基準以下 海底の泥「推移見守る必要」
福島第1原発事故による影響で、東京湾の荒川河口付近の海底で放射性セシウムの濃度が上昇していることが近畿大の山崎秀夫教授(環境解析学)の調査で分かった。国は現時点で東京湾で調査を行っておらず、山崎教授は「今まさに原発事故由来の放射性物質が、首都圏の放射能濃度の高い地域を流れる河川から東京湾に届いたところ。今後の推移を見守るため、国による継続的な調査が必要だ」と指摘する。
山崎教授は昨年8月以降、湾内の36カ所で海底の泥に含まれる放射性セシウム134と137の濃度(1キログラム当たり)を測定している。
このうち、荒川河口の若洲海浜公園近くの地点では、泥の表面から深さ5センチの平均濃度が8月に308ベクレル、10月に476ベクレル、12月に511ベクレルと上昇。ほかの多くの地点でも濃度は上がる傾向で、湾の中央より河口付近で比較的高い数値が測定されたという。
ただ、いずれの地点も1000ベクレル以下で、国がそのまま埋め立てできるとする基準の8000ベクレルを大きく下回っている。
山崎教授は、核実験が盛んだった1960年代に、河川から琵琶湖に流入したセシウムの研究データから、地形が似る東京湾へのセシウム流入のピークを1、2年後とみる。「半減期30年のセシウム137はとどまるものの、半減期が2年の134は急速に減っていくため、今後、濃度が著しく上昇することは考えにくい」とする。
河口付近の4地点では、約1メートルのアクリル製の筒を使って、泥のどの深さまで134が含まれているかを測定した。

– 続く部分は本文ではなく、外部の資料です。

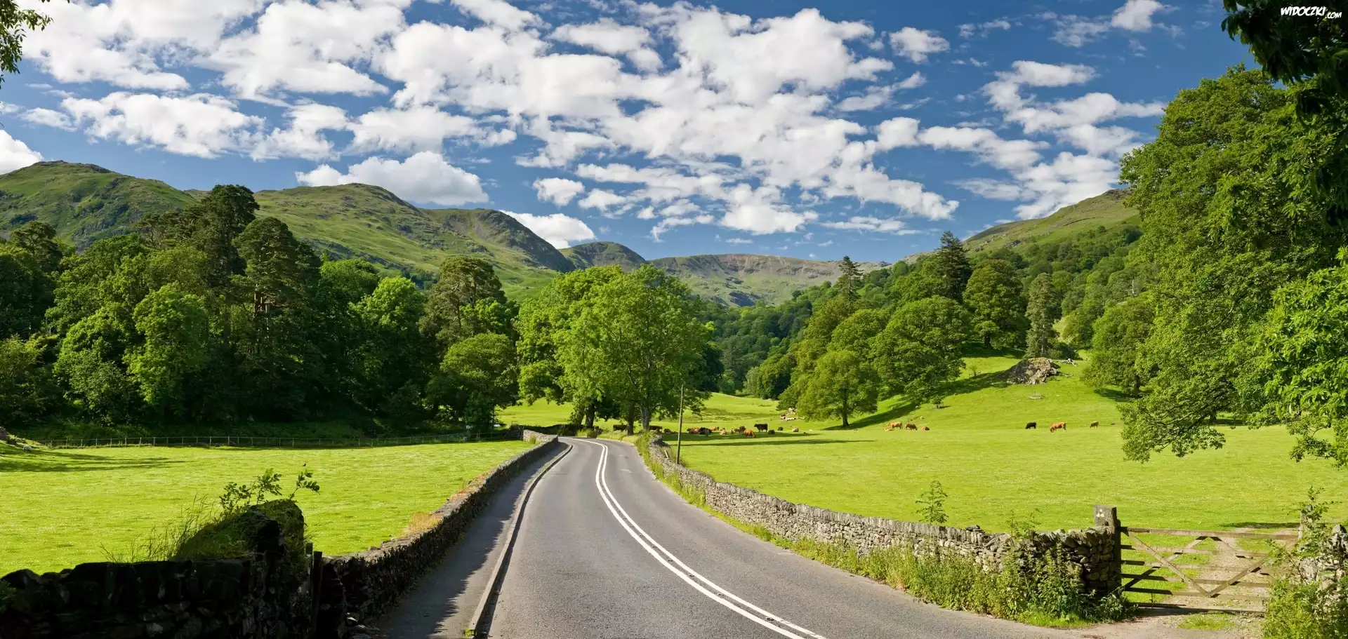 Góry, Drzewa, Chmury, Droga, Pastwisko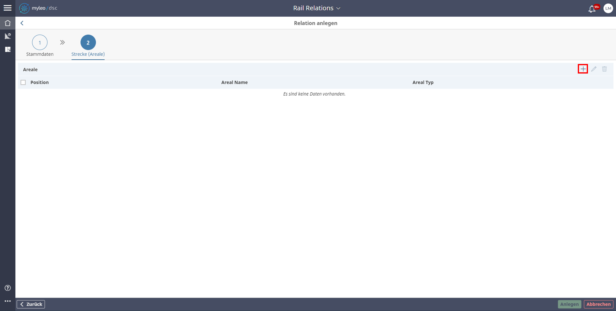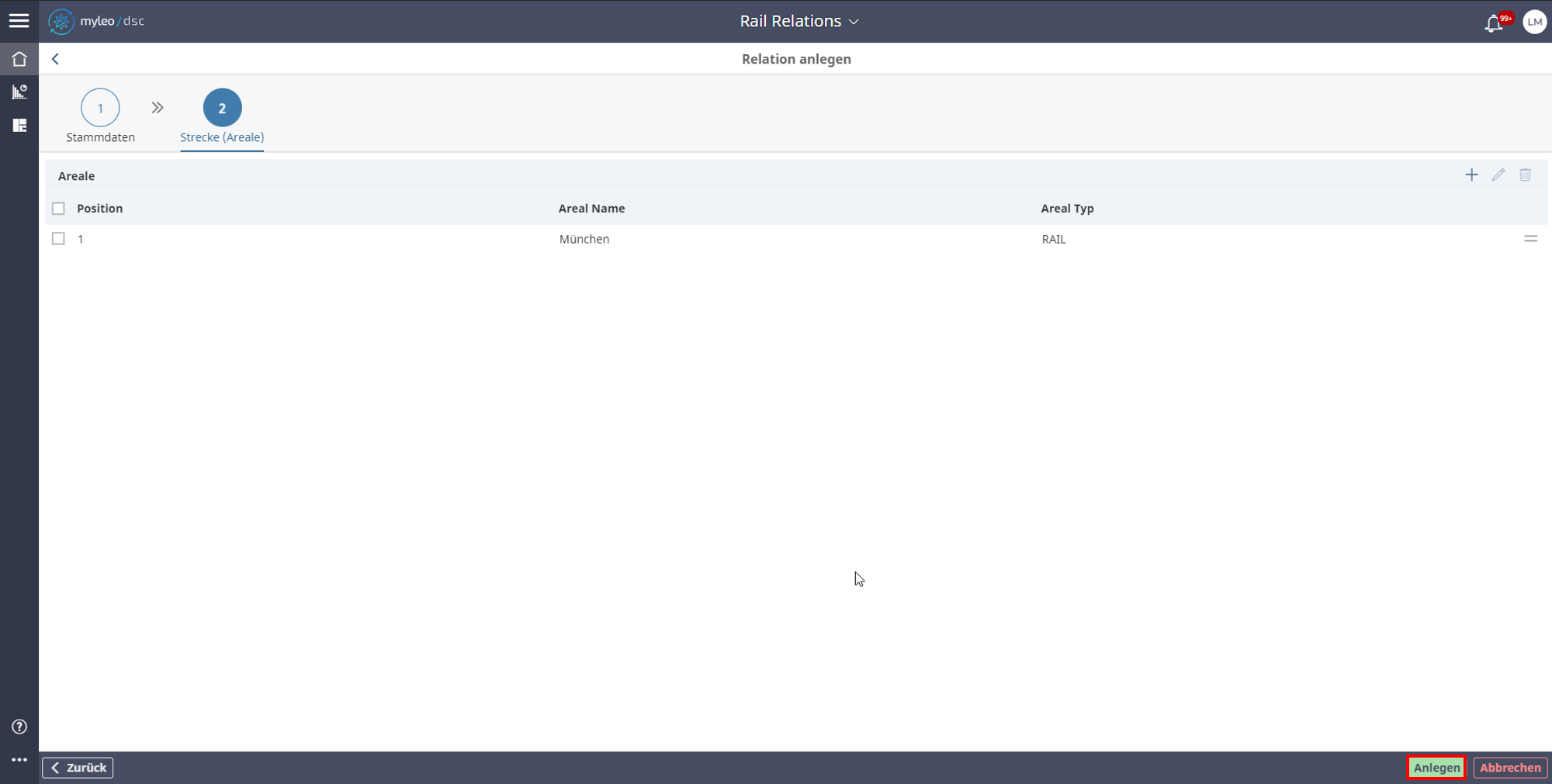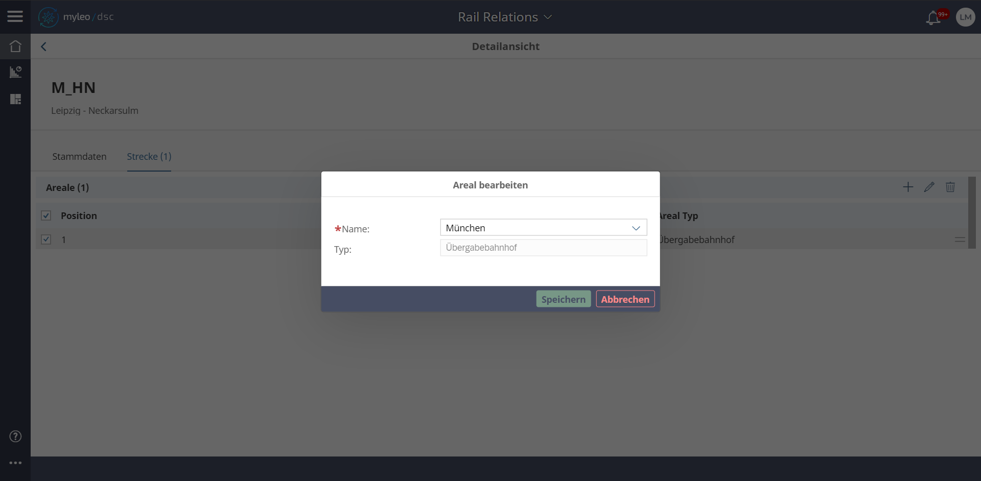 - Der Name und Typ des Bahn-Areals können verändert werden.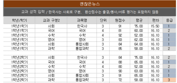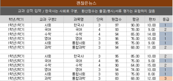 가상의 사례를 만들다보니 한국사를 산입했습니다. 28 교육과정은 한국사도 절대평가입니다.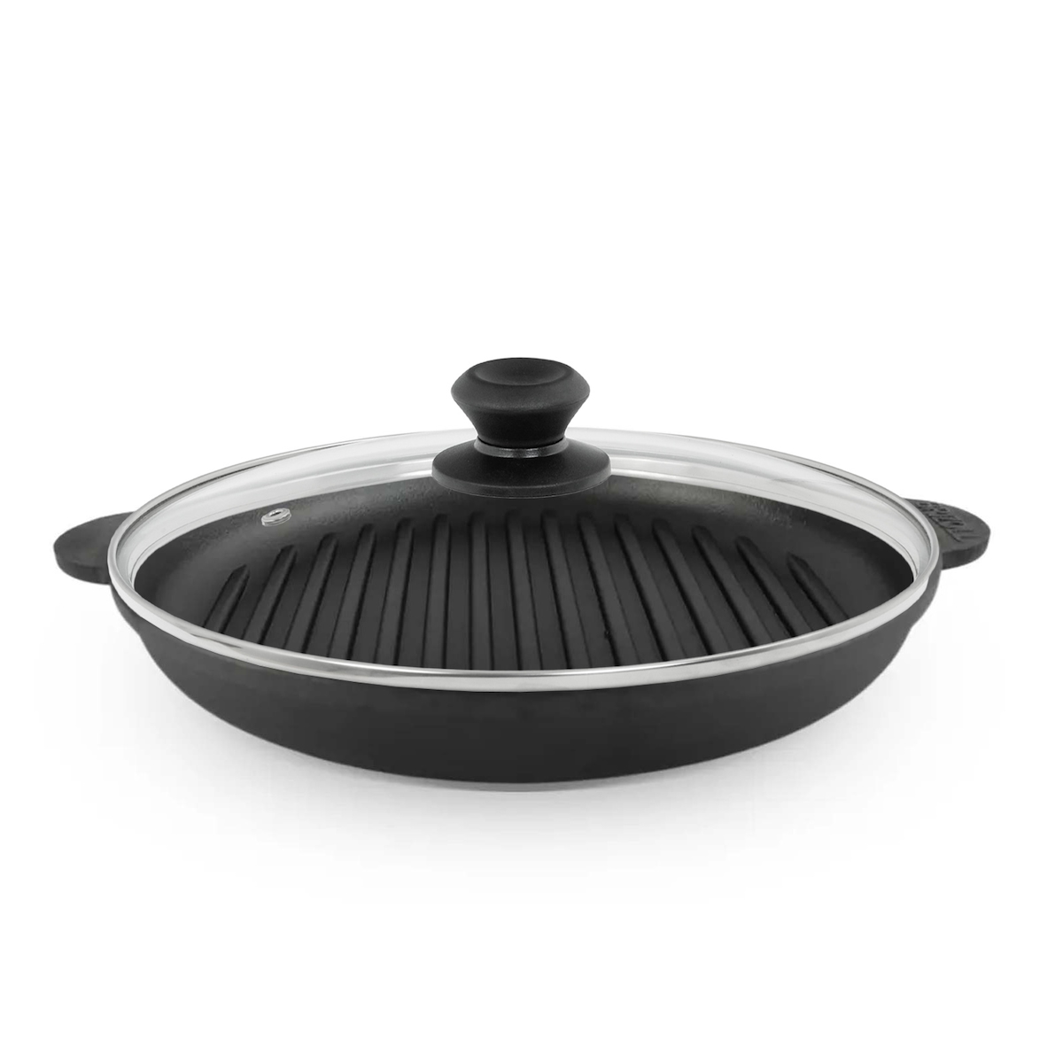 BRIZOLL Ø26cm Grillpfanne aus Gusseisen Bräter mit Glasdeckel Schmortopf zwei Griffe Servierpfanne Grill

その結果、最も深い場所では24〜26センチで検出された。
東京湾の河口付近の海底では泥が堆積するスピードは年間1、2センチ程度といい、「泥の中を動き回る底生生物によって運ばれた可能性がある。このまま放射性セシウムが河口付近の泥の中に深く潜ってくれれば、湾全体への拡散が抑えられるだろう」と話した。
山崎教授は東京湾で採取した魚介類の濃度も測定。検出限界値以下か多くても10ベクレル以下で、「このまま推移すれば全く問題のない数値だ」と指摘する。
東京湾は湾口が狭く、外洋からの海水が流れ込みにくいため、閉鎖性の高い水域とされる。国は2月17日から、東京湾に流れ込む荒川で放射性物質濃度の測定を始めており、4月以降、湾内の海水や海底の泥などの本格的な調査を始める。